Also on January 24, 2008, Société Générale filed a lawsuit against "a 31-year-old person" for creating fraudulent documents, using forged documents and making attacks on an automated system, according to Clarisse Grillon, a spokeswoman for the Nanterre prosecutor. Le Figaro reported that in addition to the Société Générale lawsuit, a group of shareholders filed a lawsuit for fraud, breach of trust and forgery.

On the eve and afternoon of January 25, 2008, police raided the Paris headquarters of Société Générale and Kerviel's apartment in the western suburb of Neuilly-sur-Seine to seize his computer files. On January 26, 2008, the Paris prosecutors' office stated that Kerviel "is not on the run. He will be questioned at the appropriate time, as soon as the police have analysed documents provided by Société Générale." He was taken into police custody later that day.

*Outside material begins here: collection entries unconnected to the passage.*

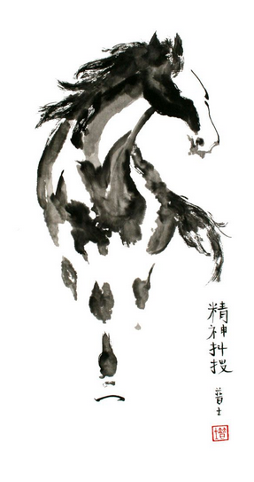 - I like the geometric dog image - would have to be a golden retriever ( with horse maybe running near it and dog running) I also love the clean lines of the Japanese art style horse image. These are NOT my images. I do not own them.
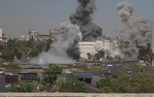 El momento del ataque Israel bombardeó este miércoles en al menos dos ocasiones el Ministerio de Defensa sirio en Damasco,...
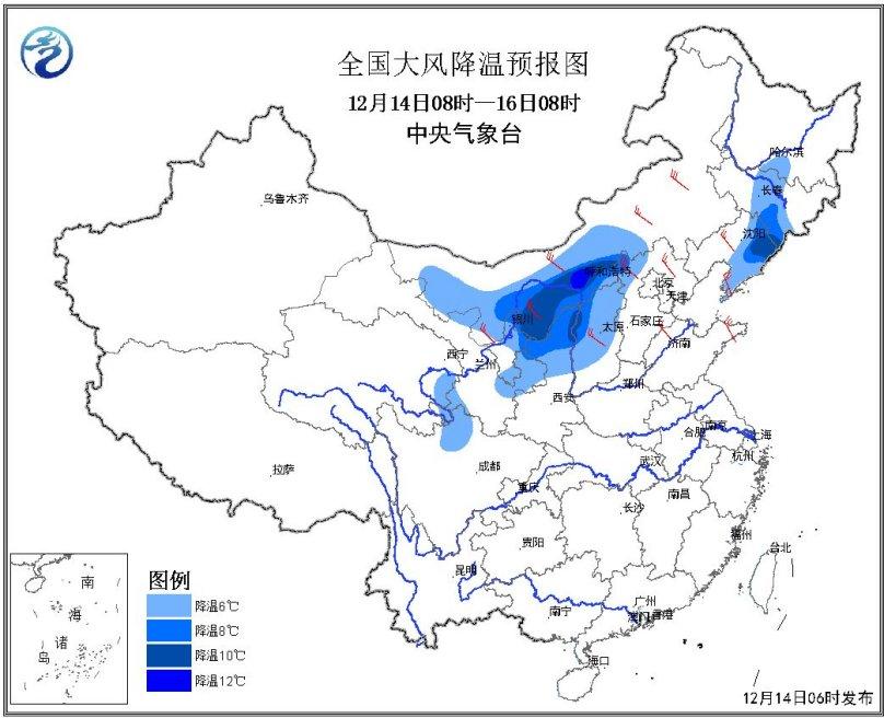Affected by strong cold air, from 14th to 17th, there will be a large-scale gale and cooling weather in most parts of central and eastern China from west to east and from north to south, with the average temperature generally dropping by 4 ~ 8℃. The local cooling range in south-central Inner Mongolia, northwestern Shaanxi, eastern Jilin and eastern Liaoning can reach more than 10℃. In the early morning of the 18th, the daily minimum temperature of 0℃ will be located in central and southern Hunan, central and southern Jiangxi and central Fujian. Among them, from 08: 00 on the 14th to 08: 00 on the 16th, the temperature in the central and western Inner Mongolia, western North China, northeastern Northwest China, central Jilin and eastern Liaoning will drop by 6 ~ 8℃, and the temperature in the south-central Inner Mongolia, northwestern Shaanxi and northeastern Liaoning will reach more than 10℃, and there are 4 ~ 6 winds in most of the above areas (see Figure 1). The Central Meteorological Observatory issued a gale cooling forecast at 06: 00 on December 14th.
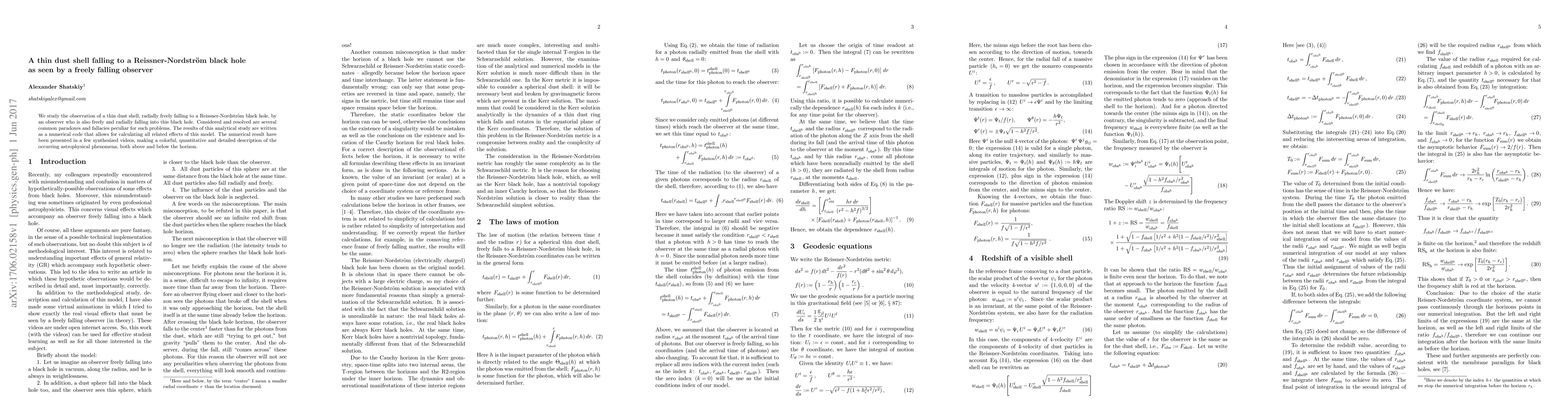 The study analytically examines the observation of a thin dust shell falling into a Reissner-Nordström black hole from the perspective of a freely falling observer, resolving common paradoxes and fallacies, and implementing the results as a numerical code for calculating related effects.
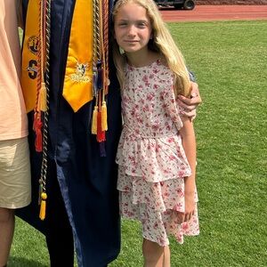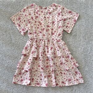 Hayden Girls Floral Pink Dress. Charming floral pink dress perfect for any occasion. Features a delightful layered design for added style. Button closure at the back of the neck. Short sleeves. 100% polyester. Size M. Excellent condition.
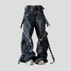 Svarta cargo-byxor med dragkedjor, remmar och fickor herr punk techwear
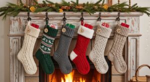 Chunky knit or cable-patterned stockings in neutral colors create an inviting, hygge-inspired atmosphere that feels both stylish and comforting.
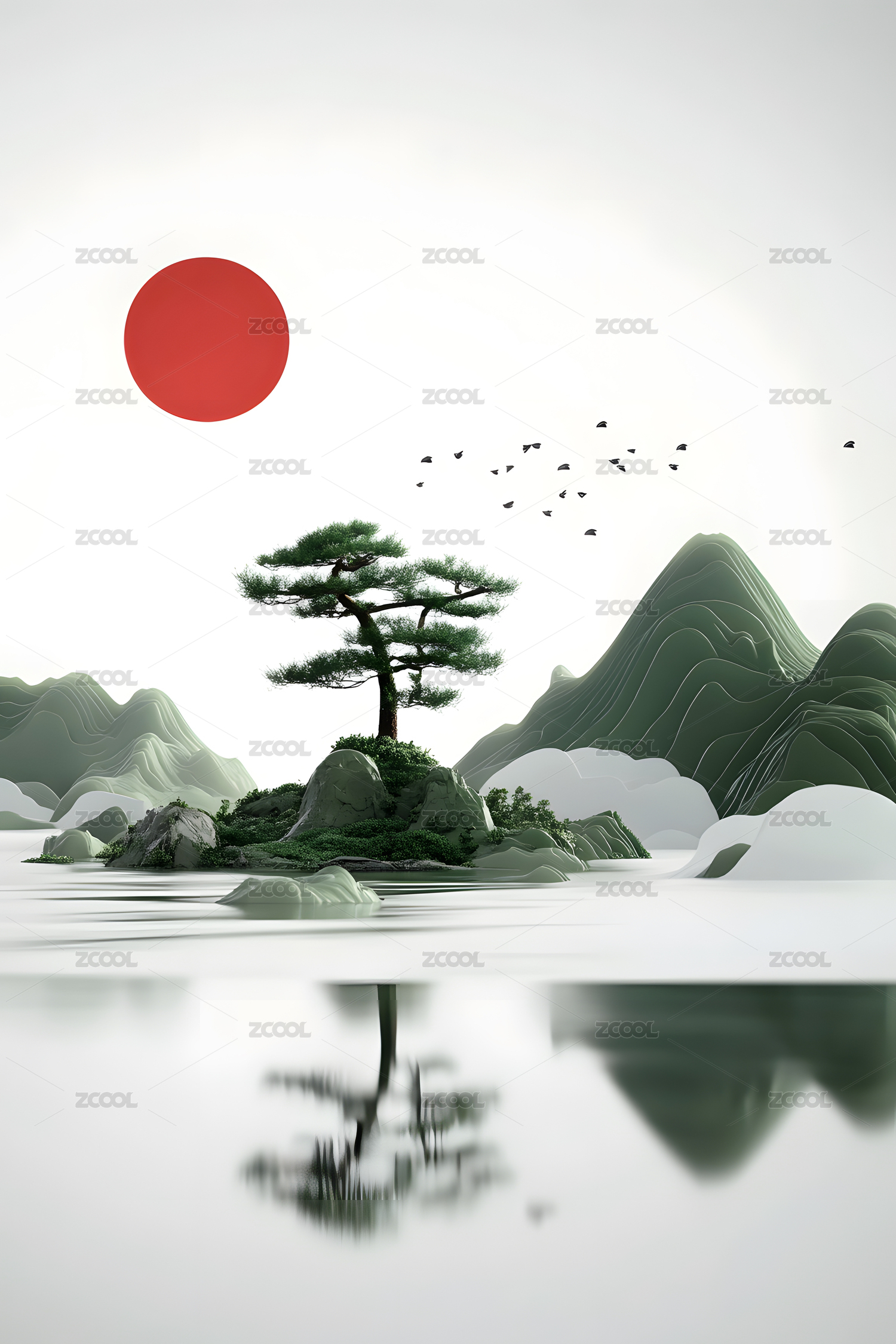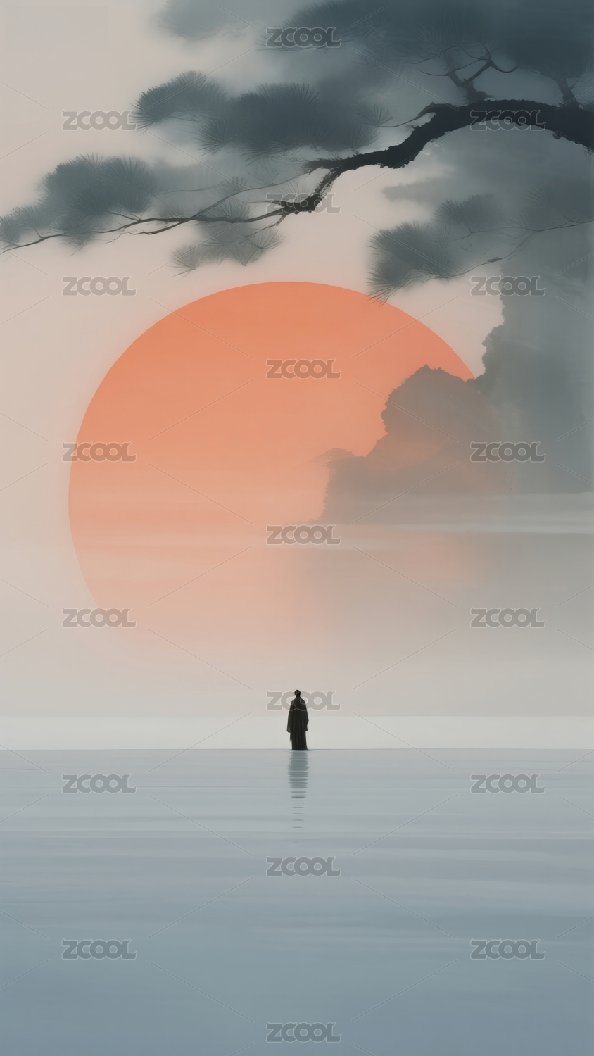 红日,一棵树,简约,插画,洁简风格,太阳,松树

Kerviel's initial 24-hour detention was extended to 48 while French law enforcement questioned him about possible accomplices. The investigation later widened to encompass his personal cell phone records, and to explore possible links to other individuals working at rival banks and private investment firms who may be involved. The police are investigating whether he worked alone, and whether any investors outside of Société Générale may have been tipped in advance. Police are interested whether others were involved in either the trades themselves, or received notice of the bank's impending sell-off before the details of the scandal were publicly disclosed.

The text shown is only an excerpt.